С терминатором Семенова роднил не только феноменальный мозг. Кто-то думает, что Саша – тощий бледный тип с очками на десяток-другой диоптрий? Как бы не так! Невысокий – да, но коренастый, с широкими плечами и шеей, почти такой же толстой, как у меня. В полувоенных ботинках, камуфлированных штанах, футболке, с наколкой в виде усмехающегося черепа в пиратской треуголке на плече, меньше всего друг был похож на преподавателя высшего учебного заведения, кандидата наук, а в скором будущем – доктора тех же наук, кандидатом коих он являлся!

Вообще, в начальной школе я считал себя тупым. И то, надо сказать, не потому что я был таким, а в большей степени из-за классного руководителя в младших классах, которая каждому ребенку на дню по нескольку раз говорила – «ну ты и тупой!». А она там, сорокалетняя баба, способная два плюс два сложить в голове быстрее семилетки – разумеется, Нобелевский лауреат.

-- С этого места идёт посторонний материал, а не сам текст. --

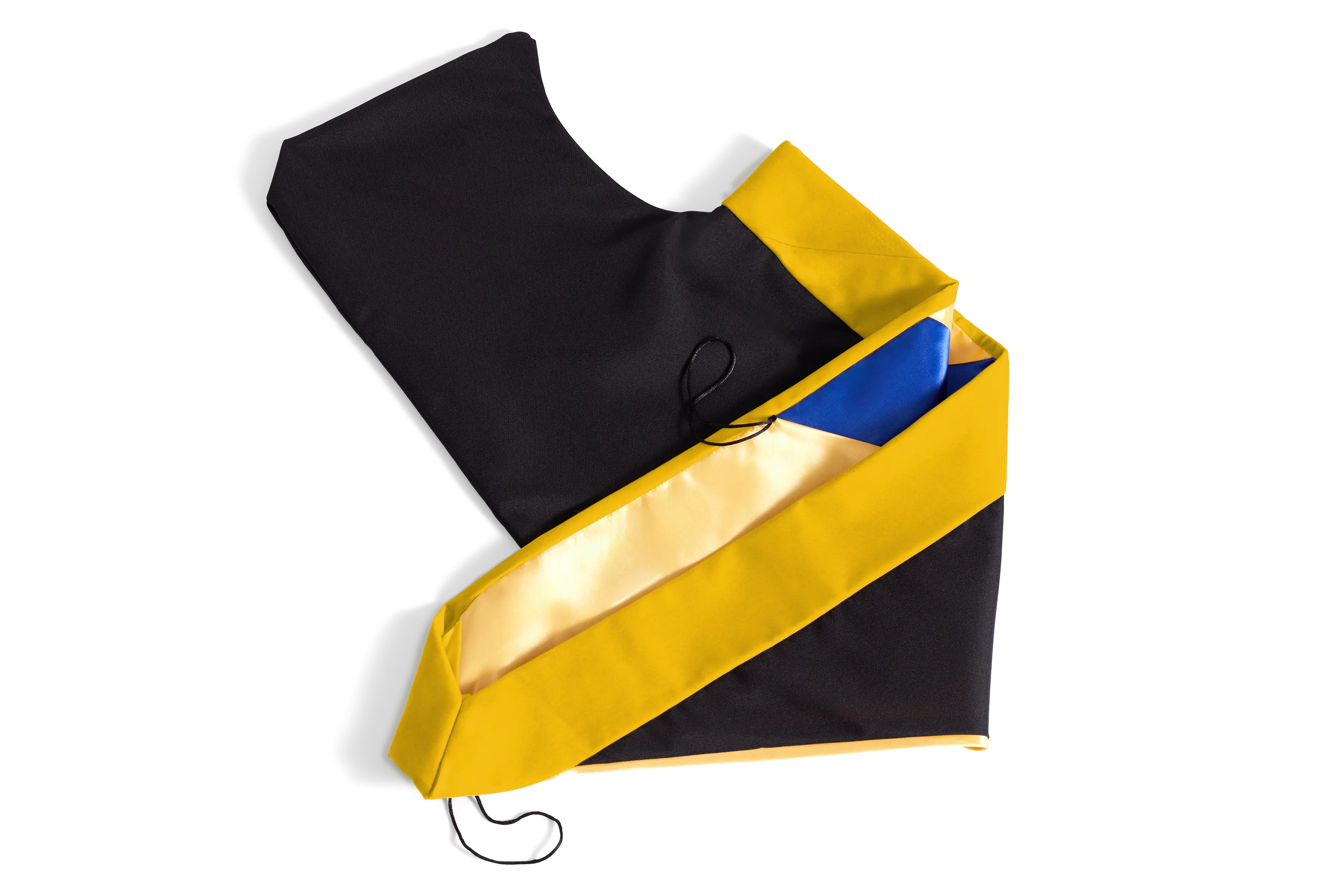 Doctoral graduates step into UC San Francisco’s most prestigious attire: tailored crepe black gowns accented with gold piping, plush blue velvet front panels, and three blue velvet chevrons on each bell sleeve. The doctoral hood, lined in UC San Francisco’s signature colors of luminous gold satin with a bold UC blue chevron, is trimmed in velvet to denote each discipline—Ph.D. blue, JD purple, MD green. The ensemble is completed with an eight-sided blue velvet tam, adjustable for fit, and a gold bullion tassel for an added touch of prestige. Each regalia set includes a garment bag and carrying case, supporting not just commencement but a lifetime of ceremonial use, from Hooding in Herbst Theatre to future convocations and commencements.

Тоже вопрос – кто ее, такую, детей-то учить пустил? В средних классах я уразумел, что не совсем дурак. В институте же я начал догадываться, что я далеко не дурак. А уже после, когда начал работать и основал свою компанию, понял, что я – едва ли не гений. Потому что, ежу понятно, окончить одиннадцать классов и ВУЗ – не каждому дано. Дано-то оно немногим. И – нет, я не скажу, что корочки о высшем образовании дают гарантию качества ума. Один из умнейших и богатейших людей, кого я знаю, после девятого класса свинтил на заработки на Севера. Пусть он не знаком с интегралами, но как рубить бабло – понимает прекрасно. Не скрою, я у него многому учился, но… но рядом с Семеновым мой мозг словно немеет. Тот опыт и те знания, что есть у меня, по сравнению с одноклассником кажутся такими ничтожными…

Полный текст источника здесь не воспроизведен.